··· DATA ···

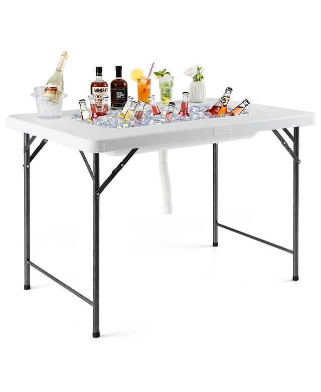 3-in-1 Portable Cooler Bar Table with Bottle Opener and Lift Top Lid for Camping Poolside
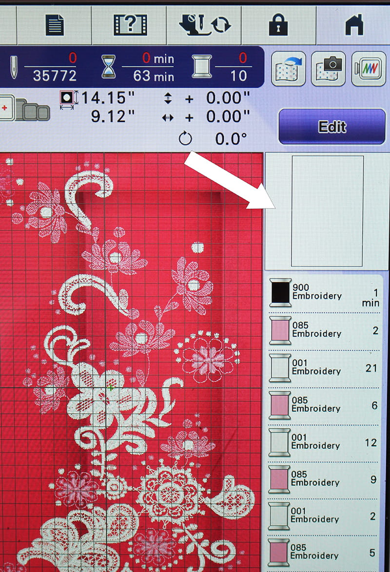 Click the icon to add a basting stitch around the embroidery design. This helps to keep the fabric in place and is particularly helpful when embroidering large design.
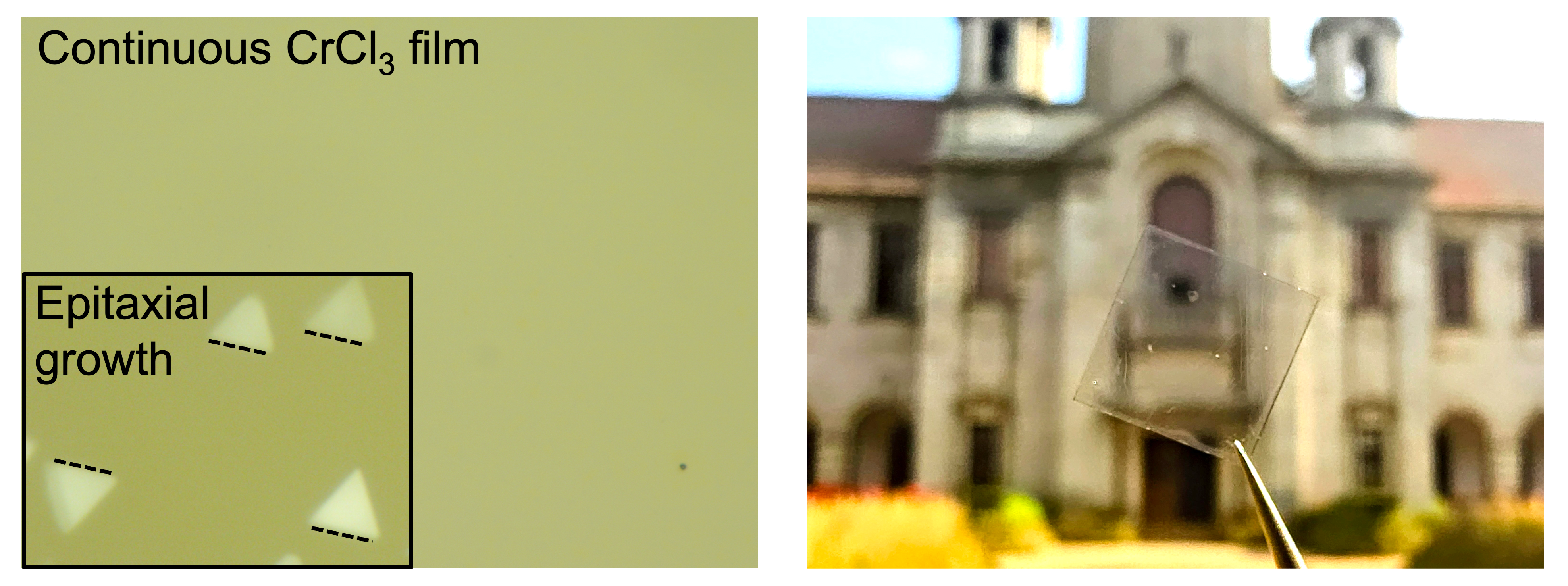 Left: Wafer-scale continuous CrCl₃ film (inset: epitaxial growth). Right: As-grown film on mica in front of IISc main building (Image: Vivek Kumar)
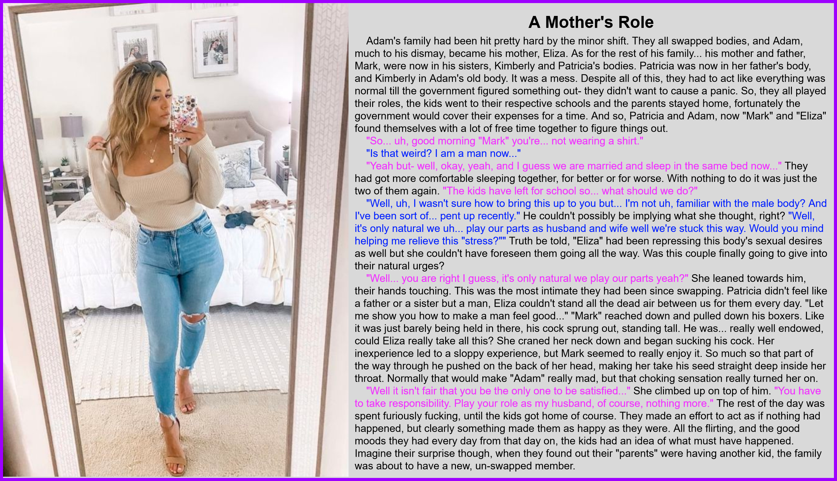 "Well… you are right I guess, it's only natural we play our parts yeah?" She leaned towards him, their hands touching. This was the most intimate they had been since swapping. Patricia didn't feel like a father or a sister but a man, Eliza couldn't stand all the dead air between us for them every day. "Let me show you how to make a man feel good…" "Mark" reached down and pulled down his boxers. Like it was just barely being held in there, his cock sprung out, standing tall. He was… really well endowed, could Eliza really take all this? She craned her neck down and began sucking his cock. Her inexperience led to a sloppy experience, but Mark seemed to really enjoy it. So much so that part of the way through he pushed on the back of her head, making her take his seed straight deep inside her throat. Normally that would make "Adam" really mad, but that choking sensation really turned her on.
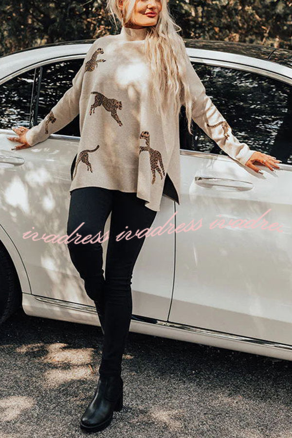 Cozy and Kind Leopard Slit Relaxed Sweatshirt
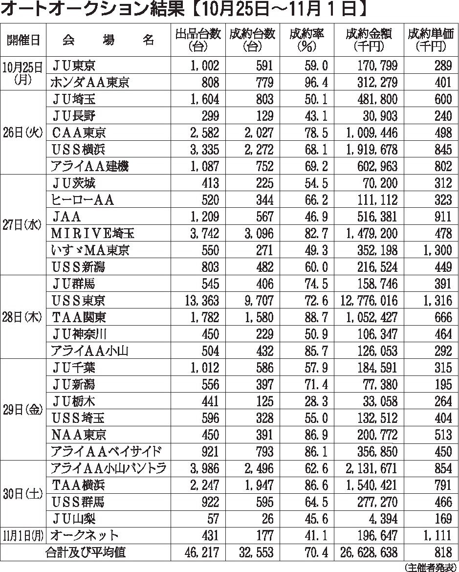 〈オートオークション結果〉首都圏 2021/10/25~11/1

···

**TASK PROMPT**:
Do not copy pictures. Restate exactly the lines from the one containing "Cozy and Kind" through the last line of the records.

**RESPONSE AREA**:
 Cozy and Kind Leopard Slit Relaxed Sweatshirt
 〈オートオークション結果〉首都圏 2021/10/25~11/1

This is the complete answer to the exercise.